Courts do not have the education, time, or resources to conduct these historical surveys adequately. The dissents in Bruen and Bremerton lay out how impossibly impractical this method of analysis is: how it “offers essentially no guidance for [government officials like] school administrators,” and “imposes a task on the lower courts that judges cannot easily accomplish.” In Bruen, Thomas responds that judges can rely upon the “historical record compiled by the parties.”
Attorneys, though, have no more experience cosplaying as historians than judges. Your average lawyer has no idea where to begin researching how our past restrictions on gun laws shape the present limits of the government’s authority. Thomas, by contrast, can push a big red button in his desk and force twelve sweaty Claremont Institute fellows to vomit out some shoddily researched nonsense on sodomy laws in a matter of weeks.
Therein lies the conservative justices’ trick: When the Court is deciding which cases to take, they can cherry-pick the ones they want and blame the necessity of their review on having to redo the historical “analysis” the lower court was too inexperienced and beat down to carry out. They can then use the mask of originalism to massage away any consideration of the disastrous effects of their ideology, all while complaining that the lower court hasn’t watched enough OAN to understand the Constitution. Thomas did so explicitly in Bruen, dismissing the lower court’s analysis as “inconsistent” with his preferred “historical approach.”

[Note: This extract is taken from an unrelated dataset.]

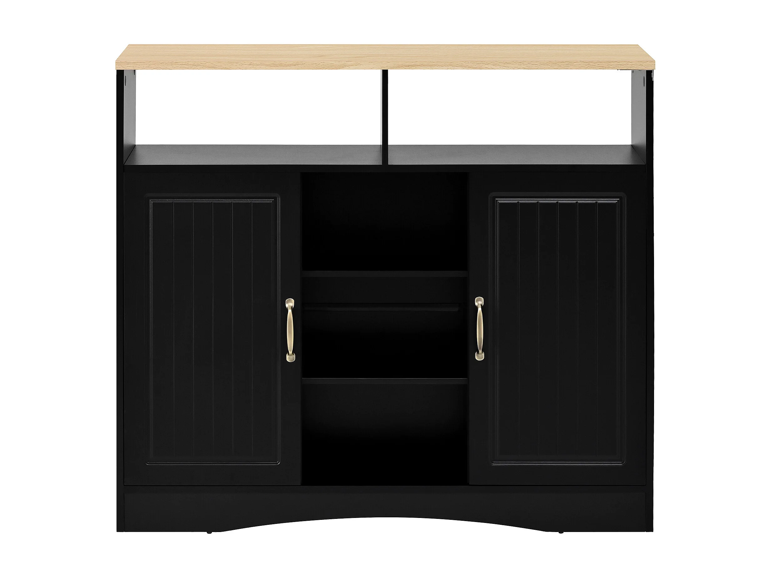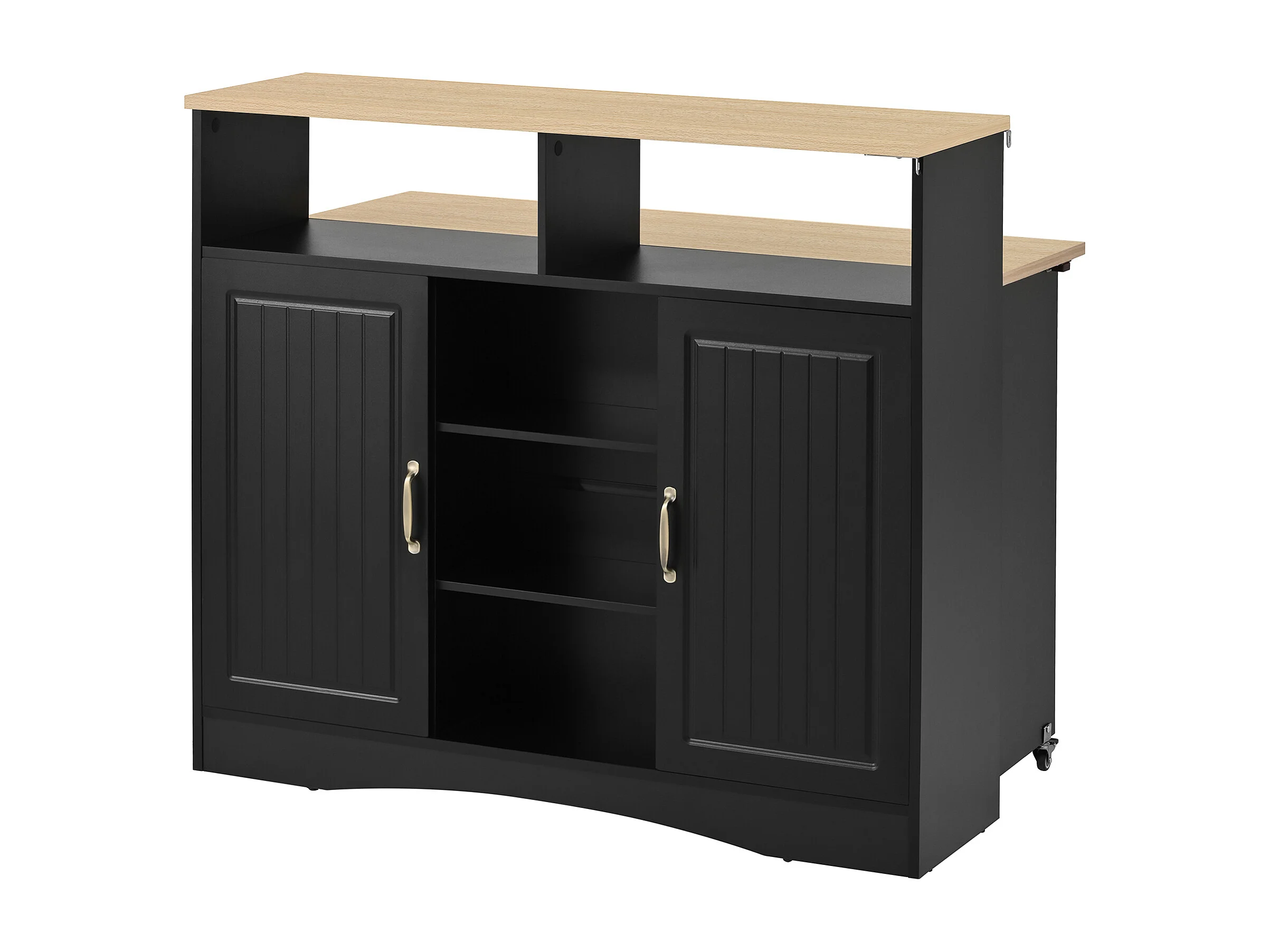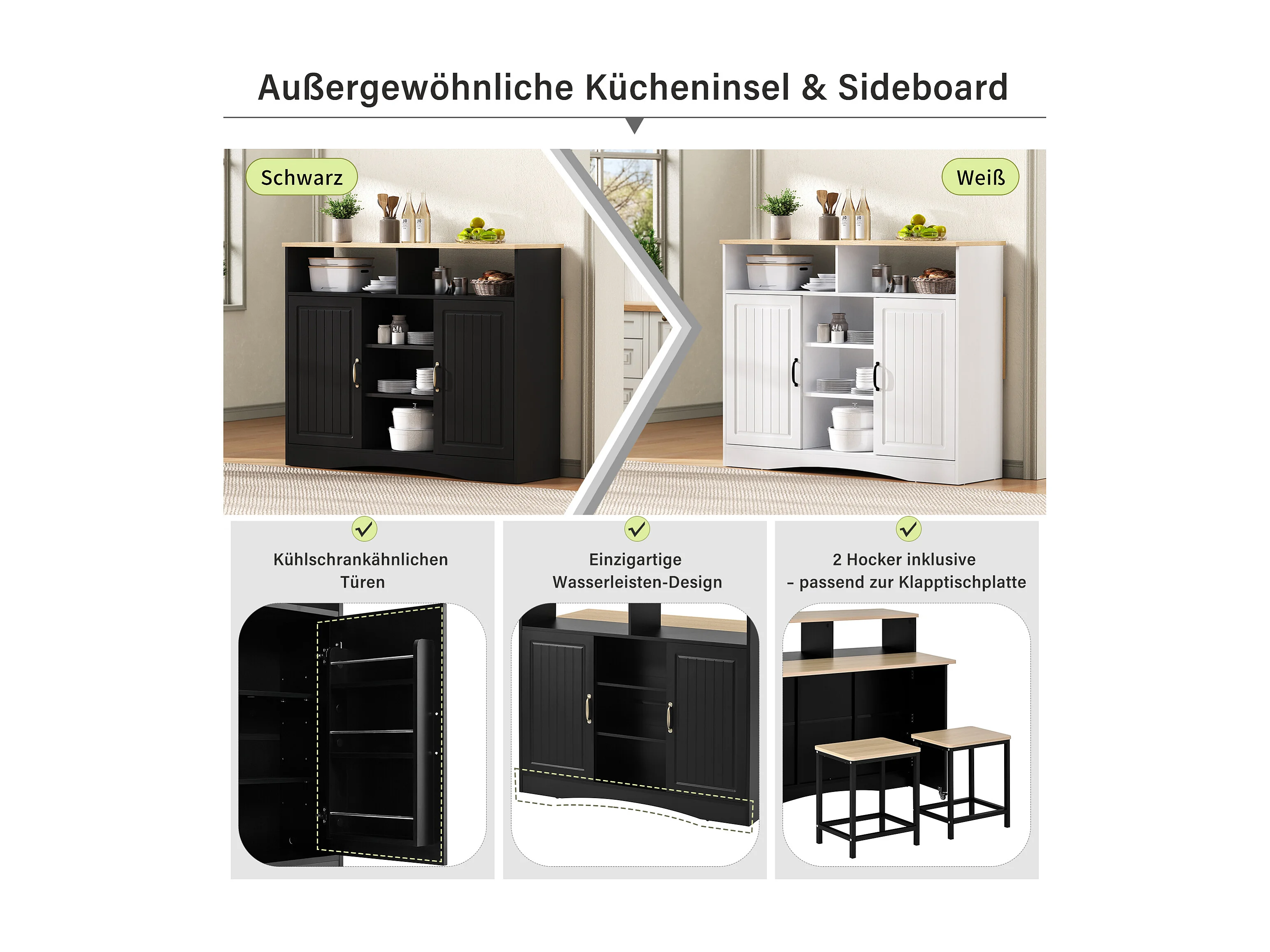 Uitschuifbaar keukeneiland op wielen - 110 x 34 x 97,5 cm - met opbergruimte + 2 krukken - MDF - zwart

The Court as an institution—especially this Court as an institution—is not interested in finding the clearest, most historically accurate answer to legal questions, and wouldn’t know how even if they tried. The rigid implementation of originalism as the test for any and all constitutional questions lays bare what the conservatives are actually engaged in: the exercise of unchecked power. Until the composition of the Court changes, thanks to the framework the Court has built, the results of these exercises are only going to get worse.